§ TRY IT: Two lines below mark the span: the one containing "在当今数字化飞速发展的时代,互联网上出现" and the one containing "In one of the". Set down both, plus every line between, exactly as they stand, and nothing else.

^^^^^^^^^^^^^^^^

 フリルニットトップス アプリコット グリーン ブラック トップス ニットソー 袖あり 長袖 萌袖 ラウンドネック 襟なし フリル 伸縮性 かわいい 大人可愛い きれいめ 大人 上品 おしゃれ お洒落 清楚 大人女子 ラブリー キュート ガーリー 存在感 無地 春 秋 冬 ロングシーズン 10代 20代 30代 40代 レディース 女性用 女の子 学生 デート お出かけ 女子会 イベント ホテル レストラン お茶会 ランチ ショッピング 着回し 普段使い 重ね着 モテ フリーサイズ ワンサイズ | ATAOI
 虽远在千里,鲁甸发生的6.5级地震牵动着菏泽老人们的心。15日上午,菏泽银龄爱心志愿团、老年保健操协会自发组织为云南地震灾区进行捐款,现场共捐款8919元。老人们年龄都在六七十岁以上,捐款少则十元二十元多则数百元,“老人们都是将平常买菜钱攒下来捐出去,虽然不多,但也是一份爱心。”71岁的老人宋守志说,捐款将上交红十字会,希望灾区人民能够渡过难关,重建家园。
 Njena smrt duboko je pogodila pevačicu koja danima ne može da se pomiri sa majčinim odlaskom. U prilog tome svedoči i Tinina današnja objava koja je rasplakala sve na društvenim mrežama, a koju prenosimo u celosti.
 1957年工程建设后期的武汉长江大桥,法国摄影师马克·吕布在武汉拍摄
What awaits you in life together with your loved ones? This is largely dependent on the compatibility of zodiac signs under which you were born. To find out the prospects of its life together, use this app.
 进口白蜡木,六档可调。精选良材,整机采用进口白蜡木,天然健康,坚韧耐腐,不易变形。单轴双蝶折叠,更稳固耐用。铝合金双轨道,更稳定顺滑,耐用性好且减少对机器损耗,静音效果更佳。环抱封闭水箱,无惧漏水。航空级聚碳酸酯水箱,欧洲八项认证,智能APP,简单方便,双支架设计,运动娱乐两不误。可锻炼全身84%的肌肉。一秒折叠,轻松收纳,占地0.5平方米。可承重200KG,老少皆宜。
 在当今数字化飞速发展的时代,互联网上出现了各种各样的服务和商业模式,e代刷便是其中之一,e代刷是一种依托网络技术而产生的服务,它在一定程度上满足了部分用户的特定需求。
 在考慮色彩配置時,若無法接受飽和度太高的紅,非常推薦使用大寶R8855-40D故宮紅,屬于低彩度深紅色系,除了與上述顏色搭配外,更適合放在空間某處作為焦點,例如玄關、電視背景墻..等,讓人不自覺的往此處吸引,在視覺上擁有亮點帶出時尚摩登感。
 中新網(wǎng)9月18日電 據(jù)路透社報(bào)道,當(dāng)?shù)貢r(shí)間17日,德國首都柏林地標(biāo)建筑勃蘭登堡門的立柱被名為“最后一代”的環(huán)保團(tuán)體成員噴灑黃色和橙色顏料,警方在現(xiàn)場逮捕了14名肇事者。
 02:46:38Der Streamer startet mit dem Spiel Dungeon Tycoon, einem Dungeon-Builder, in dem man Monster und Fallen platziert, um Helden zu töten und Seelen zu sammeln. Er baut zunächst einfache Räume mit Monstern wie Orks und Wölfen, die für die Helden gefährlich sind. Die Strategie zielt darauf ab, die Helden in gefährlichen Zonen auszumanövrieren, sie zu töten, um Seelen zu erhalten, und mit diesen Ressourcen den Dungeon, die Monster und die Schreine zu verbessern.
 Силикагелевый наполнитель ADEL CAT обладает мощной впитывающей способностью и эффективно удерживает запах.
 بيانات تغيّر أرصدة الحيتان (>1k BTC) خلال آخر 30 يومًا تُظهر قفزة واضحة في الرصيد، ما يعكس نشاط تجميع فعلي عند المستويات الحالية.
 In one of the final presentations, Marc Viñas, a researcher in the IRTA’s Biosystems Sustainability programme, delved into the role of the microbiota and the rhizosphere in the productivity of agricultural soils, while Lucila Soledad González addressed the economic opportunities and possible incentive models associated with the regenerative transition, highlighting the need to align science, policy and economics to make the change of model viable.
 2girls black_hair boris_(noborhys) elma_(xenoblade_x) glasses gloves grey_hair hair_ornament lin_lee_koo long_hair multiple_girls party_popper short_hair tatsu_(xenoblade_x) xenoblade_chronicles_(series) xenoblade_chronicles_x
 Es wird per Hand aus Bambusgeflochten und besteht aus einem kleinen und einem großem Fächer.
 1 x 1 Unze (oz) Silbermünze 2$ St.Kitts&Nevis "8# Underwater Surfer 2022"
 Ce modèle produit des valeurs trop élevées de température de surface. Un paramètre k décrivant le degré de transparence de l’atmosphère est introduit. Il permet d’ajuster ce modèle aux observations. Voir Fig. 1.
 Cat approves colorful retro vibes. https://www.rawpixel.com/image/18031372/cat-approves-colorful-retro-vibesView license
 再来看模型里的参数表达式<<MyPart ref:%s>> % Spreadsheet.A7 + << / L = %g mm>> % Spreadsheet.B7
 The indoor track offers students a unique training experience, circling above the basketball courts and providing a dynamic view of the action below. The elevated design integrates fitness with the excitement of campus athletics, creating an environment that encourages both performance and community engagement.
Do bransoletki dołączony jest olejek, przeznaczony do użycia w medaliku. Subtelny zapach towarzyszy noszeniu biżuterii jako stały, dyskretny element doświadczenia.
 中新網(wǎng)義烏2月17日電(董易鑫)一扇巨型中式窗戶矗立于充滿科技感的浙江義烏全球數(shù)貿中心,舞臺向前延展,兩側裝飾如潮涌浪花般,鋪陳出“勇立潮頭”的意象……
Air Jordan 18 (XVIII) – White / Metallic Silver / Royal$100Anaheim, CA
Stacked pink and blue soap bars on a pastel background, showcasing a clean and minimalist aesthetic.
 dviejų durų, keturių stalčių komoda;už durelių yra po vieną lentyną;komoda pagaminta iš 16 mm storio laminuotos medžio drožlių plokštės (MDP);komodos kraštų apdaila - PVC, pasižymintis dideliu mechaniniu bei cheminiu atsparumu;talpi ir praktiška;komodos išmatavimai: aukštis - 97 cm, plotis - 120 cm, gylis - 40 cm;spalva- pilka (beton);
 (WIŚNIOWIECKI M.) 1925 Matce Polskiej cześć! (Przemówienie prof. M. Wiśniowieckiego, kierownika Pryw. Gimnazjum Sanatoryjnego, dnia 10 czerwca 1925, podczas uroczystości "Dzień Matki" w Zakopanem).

^^^^^^^^^^^^^^^^

§ RESPONSE:
 在当今数字化飞速发展的时代,互联网上出现了各种各样的服务和商业模式,e代刷便是其中之一,e代刷是一种依托网络技术而产生的服务,它在一定程度上满足了部分用户的特定需求。
 在考慮色彩配置時,若無法接受飽和度太高的紅,非常推薦使用大寶R8855-40D故宮紅,屬于低彩度深紅色系,除了與上述顏色搭配外,更適合放在空間某處作為焦點,例如玄關、電視背景墻..等,讓人不自覺的往此處吸引,在視覺上擁有亮點帶出時尚摩登感。
 中新網(wǎng)9月18日電 據(jù)路透社報(bào)道,當(dāng)?shù)貢r(shí)間17日,德國首都柏林地標(biāo)建筑勃蘭登堡門的立柱被名為“最后一代”的環(huán)保團(tuán)體成員噴灑黃色和橙色顏料,警方在現(xiàn)場逮捕了14名肇事者。
 02:46:38Der Streamer startet mit dem Spiel Dungeon Tycoon, einem Dungeon-Builder, in dem man Monster und Fallen platziert, um Helden zu töten und Seelen zu sammeln. Er baut zunächst einfache Räume mit Monstern wie Orks und Wölfen, die für die Helden gefährlich sind. Die Strategie zielt darauf ab, die Helden in gefährlichen Zonen auszumanövrieren, sie zu töten, um Seelen zu erhalten, und mit diesen Ressourcen den Dungeon, die Monster und die Schreine zu verbessern.
 Силикагелевый наполнитель ADEL CAT обладает мощной впитывающей способностью и эффективно удерживает запах.
 بيانات تغيّر أرصدة الحيتان (>1k BTC) خلال آخر 30 يومًا تُظهر قفزة واضحة في الرصيد، ما يعكس نشاط تجميع فعلي عند المستويات الحالية.
 In one of the final presentations, Marc Viñas, a researcher in the IRTA’s Biosystems Sustainability programme, delved into the role of the microbiota and the rhizosphere in the productivity of agricultural soils, while Lucila Soledad González addressed the economic opportunities and possible incentive models associated with the regenerative transition, highlighting the need to align science, policy and economics to make the change of model viable.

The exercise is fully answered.